Power series solution for ODE
Since you just need a few terms, setting $$y=\sum_{n=1}^6 a_i x^i$$ (because of the condition $y(0)=0$) you could develop $e^y$ as a Taylor series around $x=0$ and get $$e^y=1+a_1 x+\frac{1}{2} \left(a_1^2+2 a_2\right) x^2+\frac{1}{6} \left(a_1^3+6 a_2 a_1+6 a_3\right) x^3+$$ $$\frac{1}{24} \left(a_1^4+12 a_2 a_1^2+24 a_3 a_1+12 a_2^2+24 a_4\right) x^4+$$ $$\frac{1}{120} \left(a_1^5+20 a_2 a_1^3+60 a_3 a_1^2+60 a_2^2 a_1+120 a_4 a_1+120 a_2 a_3+120 a_5\right) x^5+$$ $$\frac{1}{720} \left(a_1^6+30 a_2 a_1^4+120 a_3 a_1^3+180 a_2^2 a_1^2+360 a_4 a_1^2+720 a_2 a_3 a_1+720 a_5 a_1+120 a_2^3+360 a_3^2+720 a_2 a_4+720 a_6\right) x^6$$
Expanding the term $\frac{e^x-e^{-x}}{4}$ as a Taylor series too, the differential equation then write $$(a_1+1)+\left(a_1+2 a_2+\frac{1}{2}\right) x+\frac{1}{2} \left(a_1^2+2 a_2+6 a_3\right) x^2+\frac{1}{12} \left(2 a_1^3+12 a_2 a_1+12 a_3+48 a_4+1\right) x^3+$$ $$\frac{1}{24} \left(a_1^4+12 a_2 a_1^2+24 a_3 a_1+12 a_2^2+24 a_4+120 a_5\right) x^4+$$ $$\frac{1}{240} \left(2 a_1^5+40 a_2 a_1^3+120 a_3 a_1^2+120 a_2^2 a_1+240 a_4 a_1+240 a_2 a_3+240 a_5+1440 a_6+1\right) x^5+$$ $$\frac{1}{720} \left(a_1^6+30 a_2 a_1^4+120 a_3 a_1^3+180 a_2^2 a_1^2+360 a_4 a_1^2+720 a_2 a_3 a_1+720 a_5 a_1+120 a_2^3+360 a_3^2+720 a_2 a_4+720 a_6\right) x^6=0$$
Cancelling the coefficients lead to $$a_1=-1\qquad a_2=\frac{1}{4}\qquad a_3=-\frac{1}{4}\qquad a_4=\frac{7}{48}\qquad a_5=-\frac{19}{160}$$
I hope I did not make any mistake since my results do not coincide with DaveNine's answer.

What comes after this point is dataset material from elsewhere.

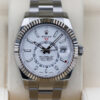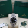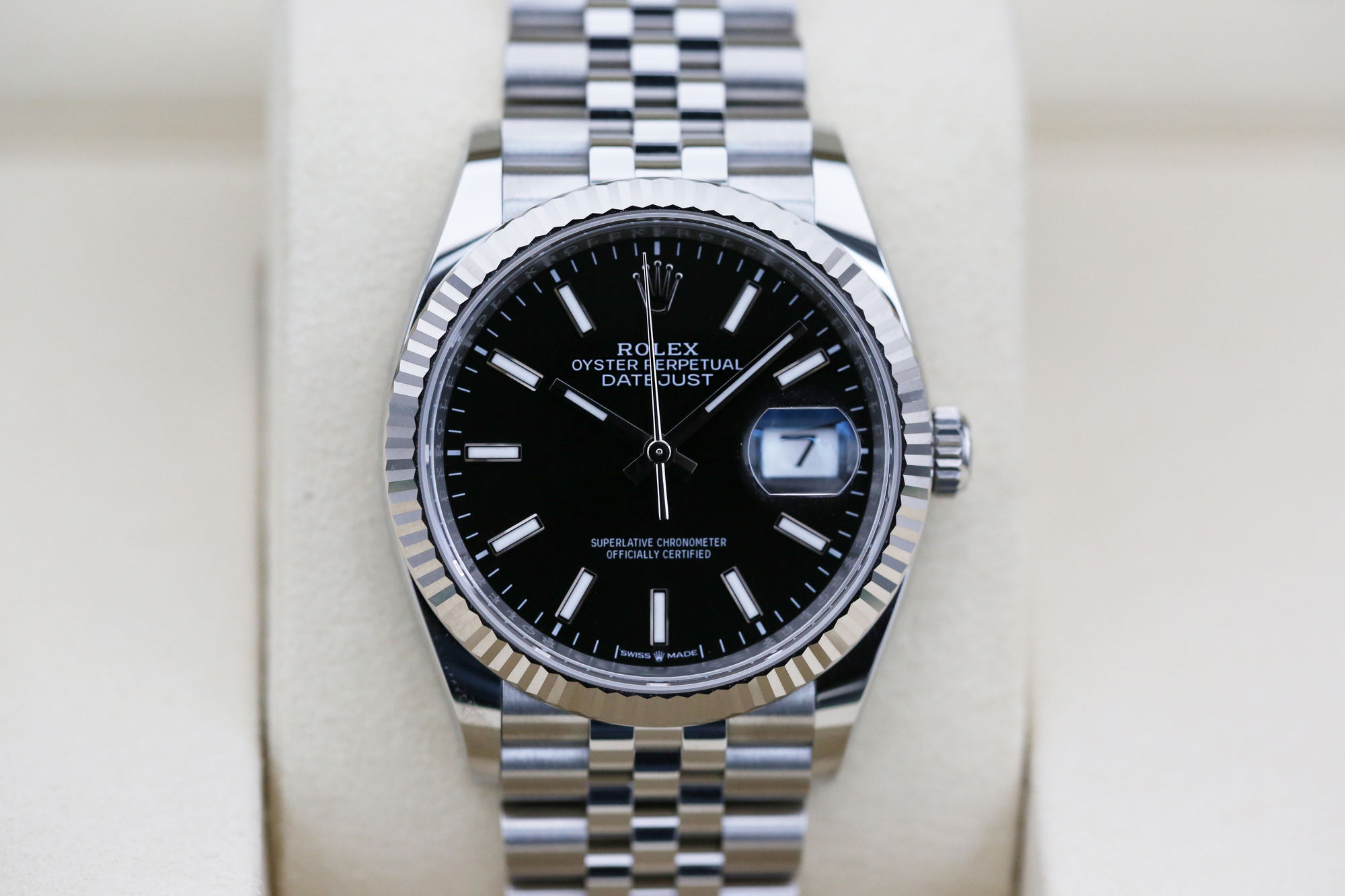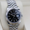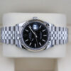 The watch is a beautiful combination of white gold and oystersteel that features a stylish black dial, a date window at 3 o’clock and a white gold fluted bezel.

The answers provided are excellent, but I'll offer what I think is the easiest solution: Just take derivatives of the equation, plug in $0$ and get as many $y^{(n)}(0)$'s as you want, then finally construct your taylor series:
$$y=\sum_{n=0}^\infty \frac{y^{(n)}(0)}{n!}x^n.$$
$$y'+e^{y}+\frac{1}{2}\sinh(x)=0, \quad\quad y(0)=0$$ Plugging in $y(0)=0$, we get $y'(0)+1=0$, thus $\boxed{y'(0)=-1}$.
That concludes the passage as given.